Tetanus is the result of infection with Clostridium tetani, a spore-forming Gram-positive obligate anaerobe. It was first described by Hippocrates in the 5th century BC.
Spores are found in virtually all soil, particularly soil rich in manure, but also in house dust and both animal and human faeces. Spores can enter even the smallest wound and in anaerobic conditions found in necrotic tissue, active infection or the presence of a foreign body produces tetanospasmin, a powerful exotoxin. This spreads via lymph and blood, and is transported up the nerves, binding irreversibly to neurons, and preventing inhibition of motor reflex responses to sensory stimuli. This results in the characteristic muscle spasms (severe enough to tear muscles, cause long bone fractures or spinal compression fractures) and rigidity.
Incidence and mortality
- It is rare in the UK. In 2007 there were 3 cases notified.
- It is largely a disease of the developing world and the poor, where there is inadequate vaccination, neonatal tetanus causing 23-75% of neonatal deaths. It killed 277,400 people worldwide in 1997.
- Mortality in the untreated is up to 45% (66% in neonates); with treatment is it <10%, the rate in those who have received 1-2 doses of vaccine previously being approximately half that of the unvaccinated.
- Age >60 years, lack of immunisation, poverty, drug addiction.
- Wounds contaminated with garden soil or manure and those caused by rusty metals are particularly dangerous.

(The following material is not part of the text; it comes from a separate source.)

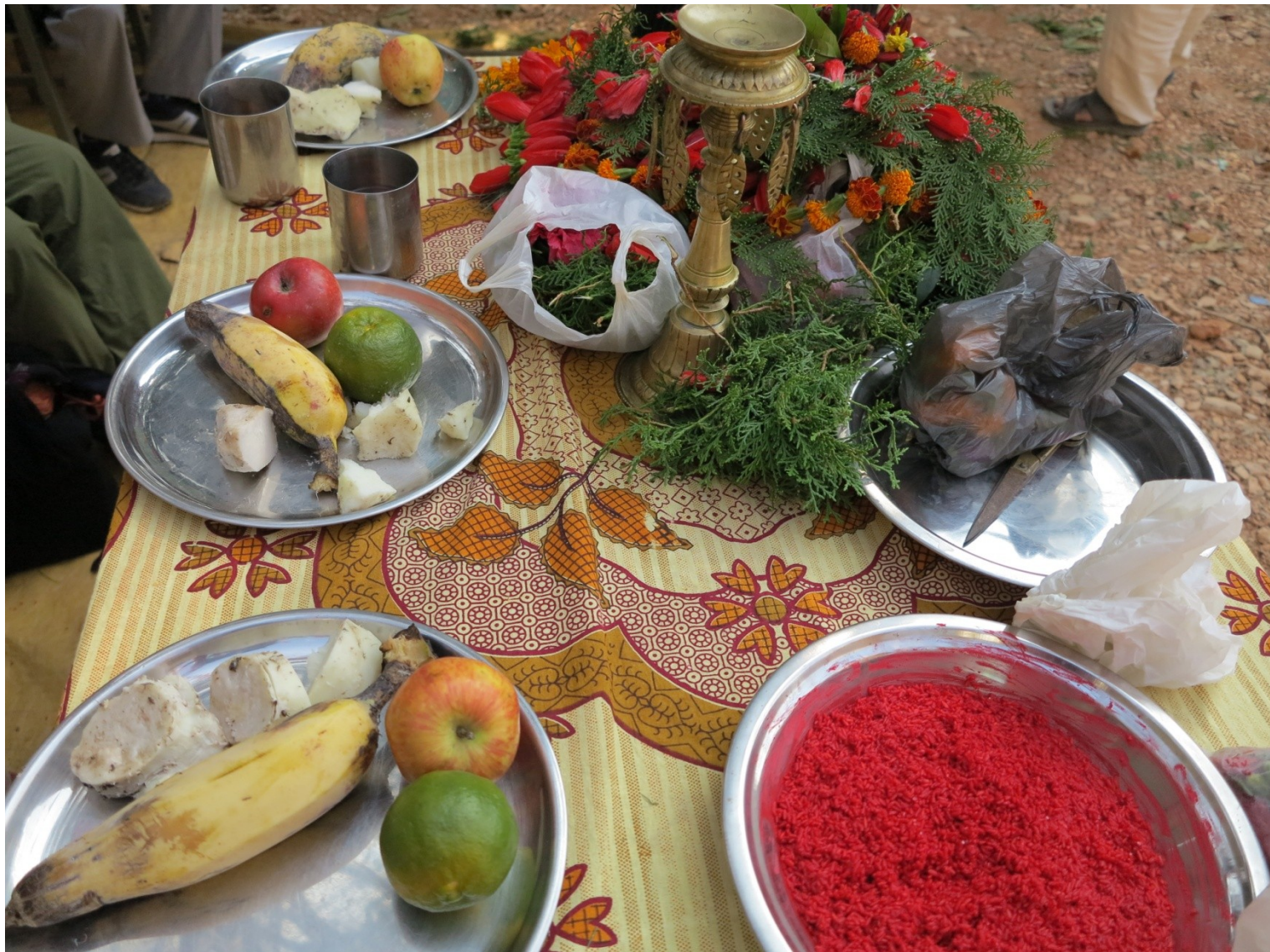
式典でふるまわれた果物。リンゴ以外は全て村で採れたもの。

- It can also complicate burns, ulcers, gangrene, snakebite, frostbite, otitis media, septic abortion, childbirth.
- It can also occur following IM injections in surgery.
- Tetanus neonatorum is associated with poor obstetric techniques. This is particularly the case with the practice of applying cow dung or clarified butter to the cut surface of the umbilical cord, in both Africa and India.
Incubation period is on average 7 or 8 days but can range from 1 day to 2 months. The shorter the incubation period, the worse the severity. 15-25% of cases show no evidence of recent wounds. Clinically, 3 forms are recognised:
- Generalised tetanus (80%); usually a descending pattern after prodromal fever, malaise and headache:
- Trismus (lockjaw, an associated later feature: risus sardonicus, a grin-like expression from fixed facial muscle spasm)
- Neck stiffness (which may develop into opisthotonus: arched body with hyperextended neck)
- Swallowing difficulties
- Abdominal muscle rigidity
- Muscular spasms (initially reflexive, then spontaneous)
- Local tetanus: this is uncommon, may precede generalised tetanus but, generally, is a self-limiting illness with painful muscle spasms localised to the site of injury.
- Cephalic tetanus: this is usually secondary to otitis media or a head injury, exhibiting cranial (especially facial) nerve palsies, and progressing to the generalised form if untreated.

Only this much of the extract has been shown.